Conveniently Forget  How Much Trash You’ve Talked:  If you’re like me, you talk a lot of trash to other NBA fans during the regular season.  All year long I was bragging about every win, telling everyone how much better the WizKids were than their team, and insisting we’d turn the season around despite our poor record.  Now that our season is effectively over, it’s time to do a complete 180: keep quiet, avoid any basketball conversations with those same fans you shit-talked, and pretend like you never cared in the first place.  There’s no good comeback when your team is losing, so it’s best to keep your mouth shut.
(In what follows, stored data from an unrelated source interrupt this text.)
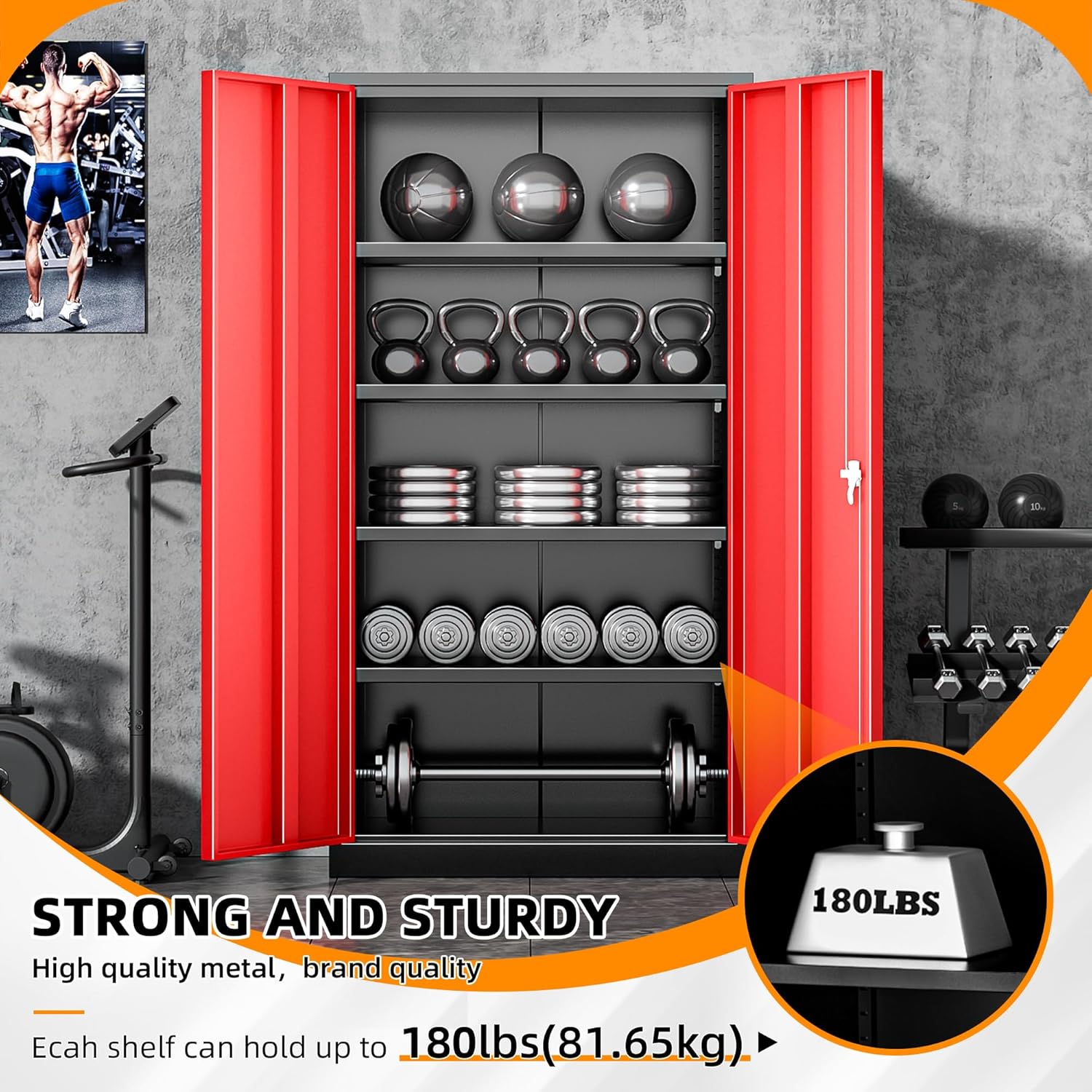 - 【High Security】: Tall steel storage cabinet with 2 door and 4 adjustable shelves to accommodate items of all sizes.The locking file cabinet with 2 Locking keys and 4-pointed locking system can highly secure your belongings.Whether you want to store office files, garage tools, or other large and heavy items, it's no problem.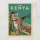 Unique Antique Style Aviation Travel poster from Kenya featuring a spotted Leopard or panther painting amongst tropical leaves on an deep Aqua blue background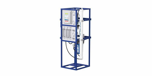 Máy lọc thẩm thấu ngược thương mại lắp trên bệ trượt  có nhiệm vụ lọc nước từ các nguồn nước như hồ, sông và giếng. Hệ thống RO thương mại sử dụng bơm áp suất cao để tạo áp suất cho nước lợ hoặc nước mặn trên bề mặt của màng bán thấm có chứa các lỗ nhỏ. Các phân tử nước chỉ được phép chảy qua các lỗ nhỏ trong khi ngăn chặn các tạp chất như muối, hạt, khoáng chất và các chất hữu cơ khác đi qua. Các lỗ nhỏ này có khả năng loại bỏ vi khuẩn và các tác nhân gây bệnh mạnh. Vào cuối quá trình này, nước sạch, tinh khiết sẽ chảy ra ở phía có áp suất thấp hơn trong khi muối, khoáng chất và các chất hữu cơ khác được đưa vào dòng nước muối rồi vào cống.
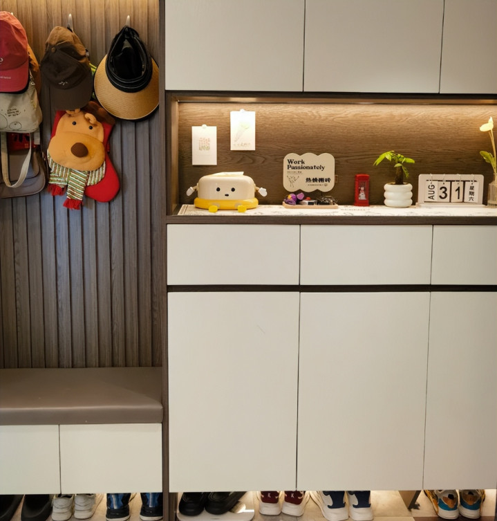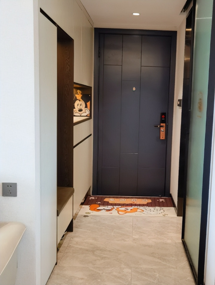 有很多的户型,它的门口是自带玄关位置的,我们可以利用这个空隙装上一个嵌入式玄关柜,

This season, my good friend and Hornets fan has been a primary target of shit-talk. Every day I had a smart comment for her about Jeremy Lin’s stupid hair or an insulting hashtag.  But now that they’re surging and we’re sucking, she’d be lucky to get two words out of me about NBA basketball.  I’m just going to lie low and wait until next season tips off, when I’ll be right back running my mouth off in her ear with several months’ worth of new jokes and insults.

hornetsTrashTalk.png

Look to play spoiler: Now that we’ve fallen dramatically short of our aspirations, the only way to still watch Wizards games without being completely depressed is to root for our team to ruin other teams’ aspirations.  If we can’t have things, then no one can.  Root for upsets, spoilers, and streak busters.  This gives us a reason to stay engaged in rooting for the Wizards to win these last few games.  And the more bitter we can make other fan bases, the better.  Let’s embarrass Kobe in one of the final home games of his career. Let’s end the Warrior’s home win streak and hurt their bid at the regular season record.  Let’s spoil Blake Griffin’s return to the Clippers.  Let’s keep the Hornets from winning home court advantage for the playoffs, and then let’s do the same thing to the Hawks.
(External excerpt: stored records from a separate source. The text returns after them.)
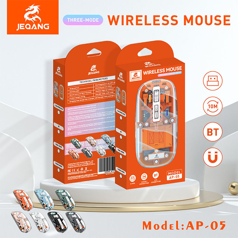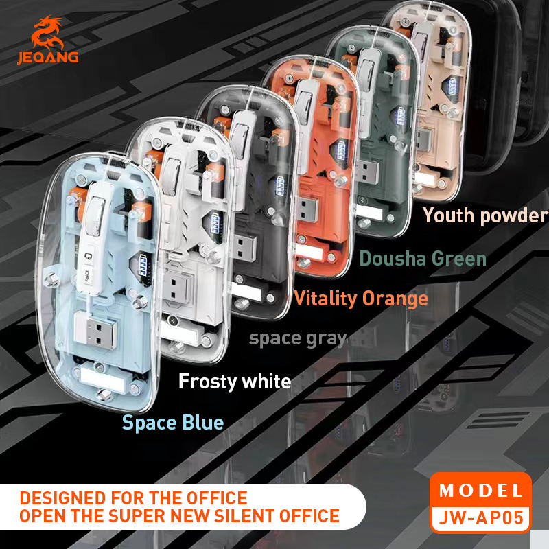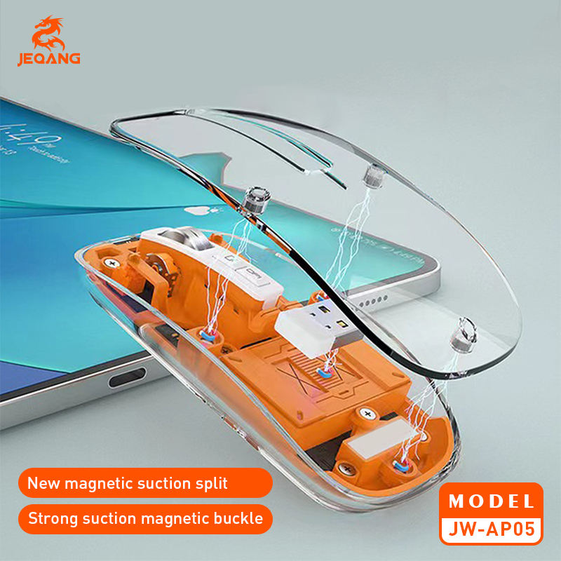 Jeqang RGB Transparent Design 2.4GHz Wireless Optical Mouse Backlit Charging Mouse Magnetic Upper Cover for Computer Laptops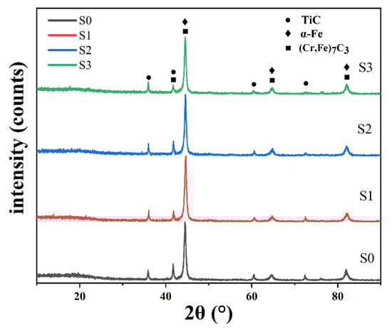 To assess the influence of different preheating temperatures on the phases of the coating, XRD tests were conducted on samples subjected to various preheating temperatures. The results are depicted in Figure 4. As illustrated, the composite coating exhibits several phases, including α-Fe, (Cr, Fe)M7C3, and TiC. It is noteworthy that while the diffraction peaks of the coating appear similar, the substrate preheating temperatures are different. Based on the Bragg law: 2dsinθ = nλ, (where d represents the interplanar spacing of the atomic lattice, θ is the angle between the reflection line and the reflection crystal plane, n is the reflection coefficient, and λ is the wavelength), the decrease in the peak angle associated with the α-Fe phase signifies an expansion of the lattice distance. It is important to highlight that in this investigation, the XRD spectra revealed the presence of corresponding diffraction peaks of the (Cr, Fe)7C3 phase. This phenomenon may be attributed to the following reasons: (1) The strong affinity between Cr and C atoms facilitates the formation of the (Cr, Fe)7C3 phase. (2) The similar atomic radius of Fe and Cr allows for easy substitution of Fe atoms for Cr atoms in chromium carbide, resulting in the formation of the (Cr, Fe)7C3 phase. This observation is consistent with the findings reported by Zhang et al. [].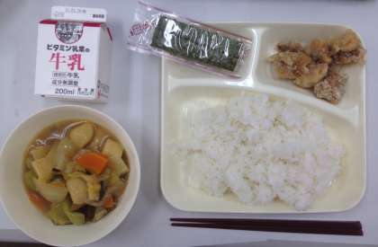 鶏肉のからあげ、まる天と野菜のうま煮、焼きのり、ご飯、牛乳です。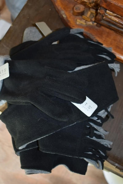 Box lot including gloves, horse thermometer, open house signs, etc.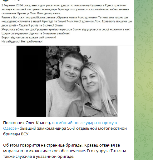 Кроме того, уже сами небратья сообщают, что при ударе по Одессе погибли двое военных из элиты армии. Первый – полковник Олег Кравец. Он был заместителем командира бригады по морально-психологическому обеспечению. Кроме того, погибла и его жена Татьяна, также служившая в этой бригаде.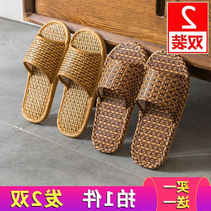 买一送一家用凉拖鞋男女夏季藤草编竹子室内家居家防滑软底亚麻拖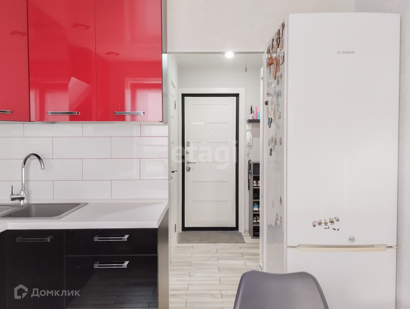 При продаже остаётся кухонный гарнитур со встроенной техникой Bosch, шкаф в прихожей, шкаф купе и стенка в большой комнате, бойлер.
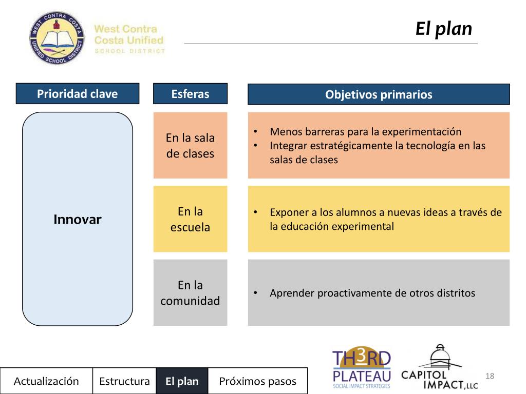 El plan Prioridad clave Esferas Objetivos primarios Innovar En la sala de clases • Menos barreras para la experimentación • Integrar estratégicamente la tecnología en las salas de clases En la escuela • Exponer a los alumnos a nuevas ideas a través de la educación experimental En la comunidad • Aprender proactivamente de otros distritos Actualización Estructura El plan Próximos pasos

Enjoy Clearance Sales on Merchandise: The end of the season is always a good time to buy team apparel and merchandise for cheap, and with the Wizards missing the playoffs we can expect especially good sales.  Retail stores in DC don’t routinely stock up on Wizards gear, and they’ve only recently increased inventory now that football is over and the NBA playoffs are almost set to begin.  But with our season coming to an abrupt halt, retailers are going to have to offer massive discounts to sell off their Wizards stuff to clear their shelves in time for Nationals season.  As fans that support the team even when they’re not trending, this is an opportunity to pick up Wizards swag for pennies on the dollar.  Just try not to buy gear branded for players who might not be here next year.
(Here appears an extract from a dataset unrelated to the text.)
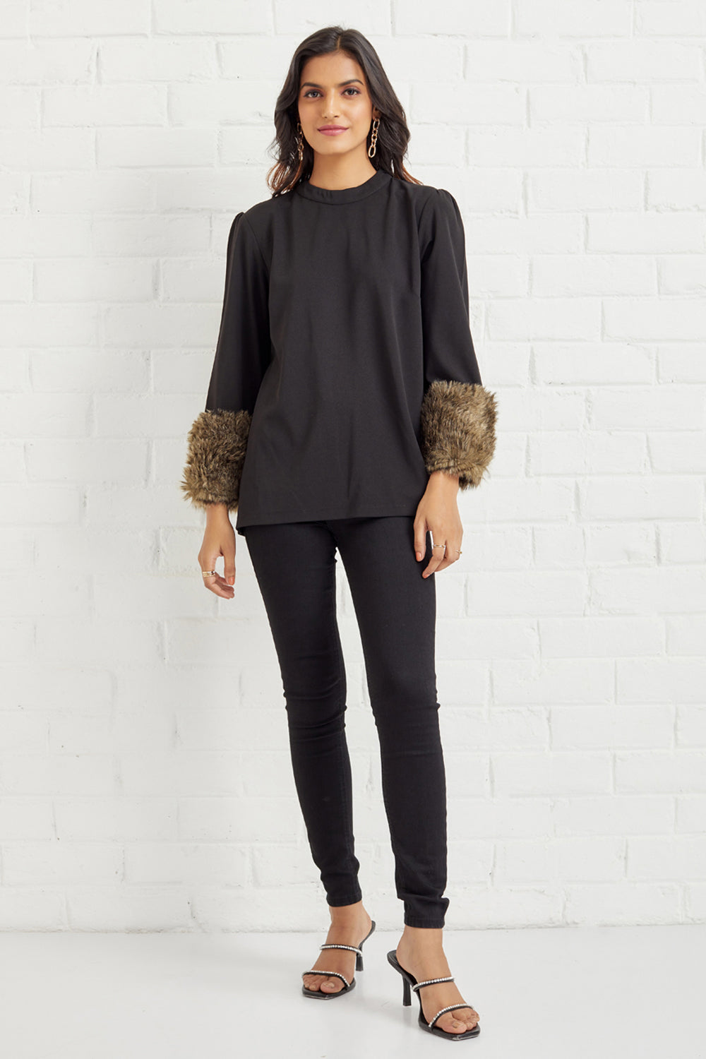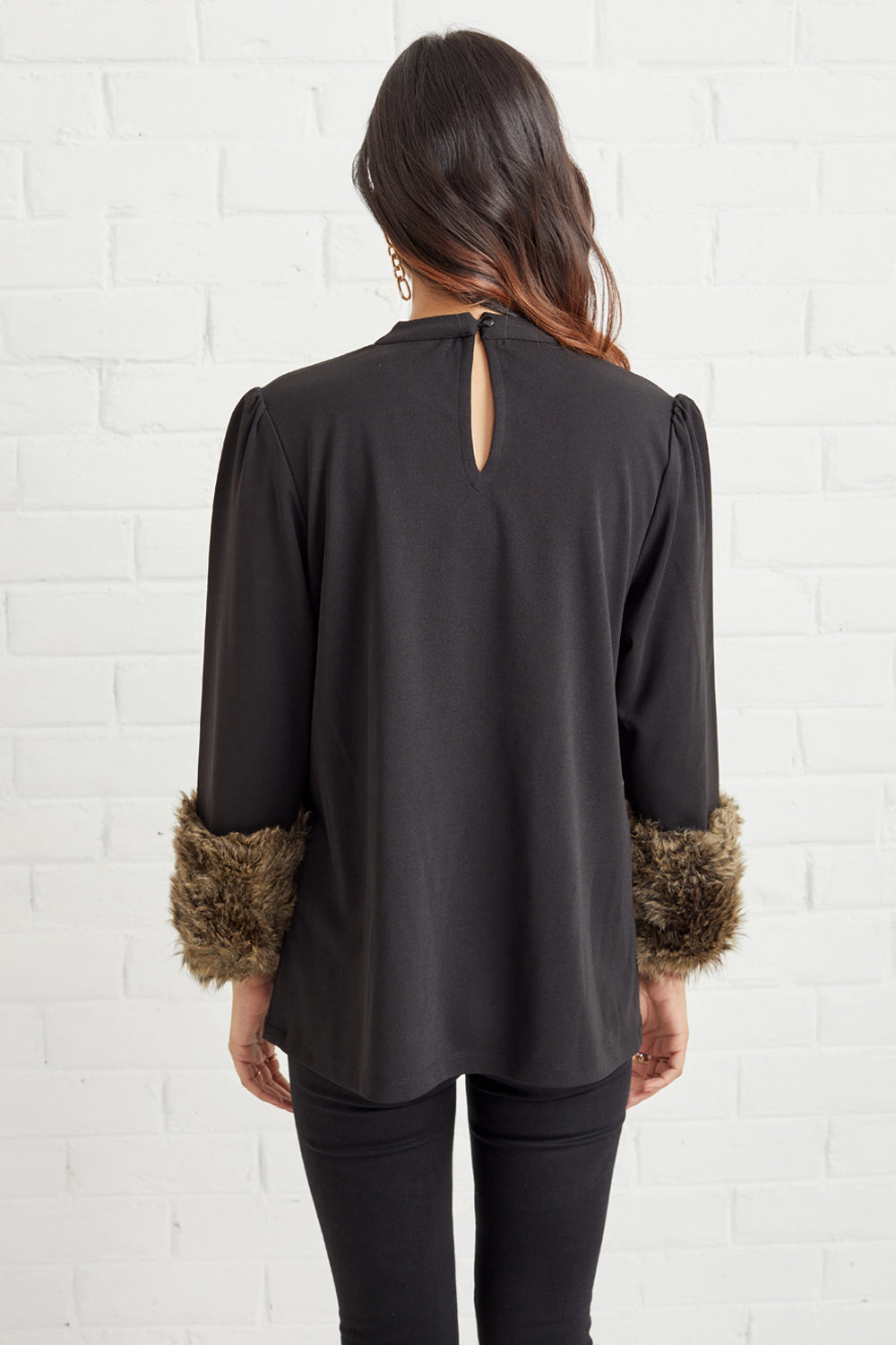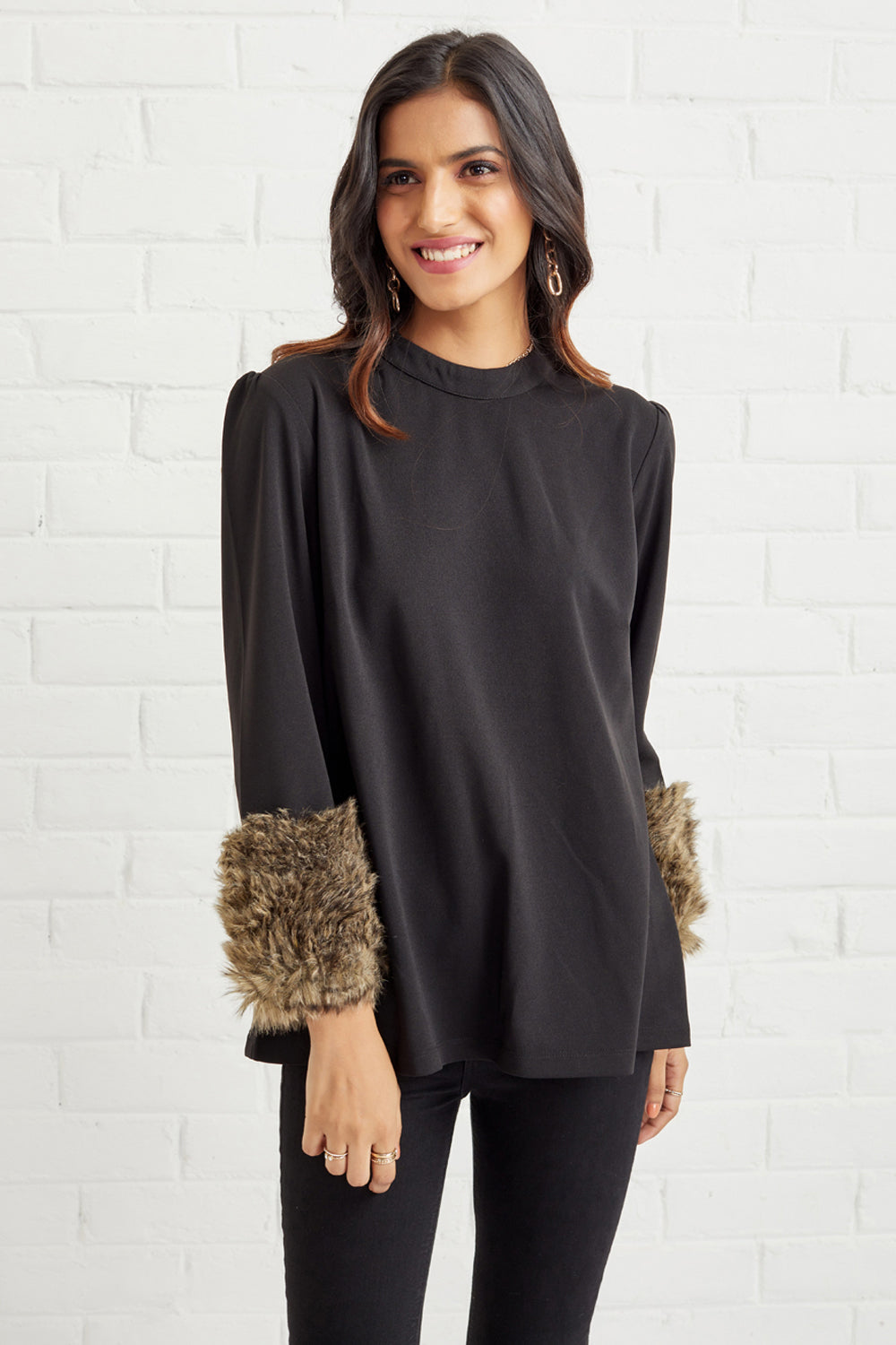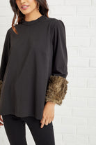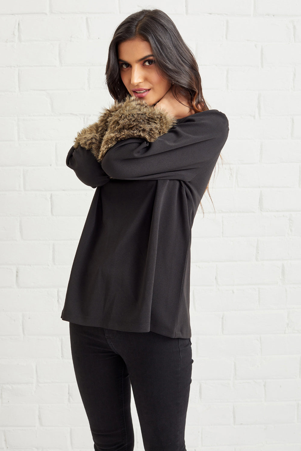 Featuring faux fur-trimmed sleeved top. An absolute must-have in your wardrobe. We love pairing this with distressed denim for a look that's oh-so chic.

Attend the Last Home Game and Bring a Good Sign: The regular season home finale is always a fun game to go to.  But when your team is certain to miss the playoffs, attendance at this game is essentially mandatory.  There won’t be Wizards basketball for six plus months, so take advantage of this final opportunity to watch the team.  Being at the final game also lets you get some closure on the season.  This is where you demonstrate your love (or hate) for different stakeholders in the organization.  I’ll be there to boo Randy Wittman one last time during his introduction, and to give John a standing ovation when he comes out of the game for the final time this season.  What will make this experience even better is bringing a well-constructed and carefully thought-out sign that sums up your feelings to the whole stadium.  Personally I’m working on several ideas (stay tuned for more.)

VeseleySign

This Wizards season sucked.  That’s plain and simple and there’s no other way to look at it.  The only thing we can do is make the best of what we’ve been given and squeeze whatever fun we can out of these last few games.  These steps won’t make the season any less depressing, but they’ll help us Wizards fans come to grips with our sad reality and move forward.  Until next year, when we’ll probably do the same thing all over again.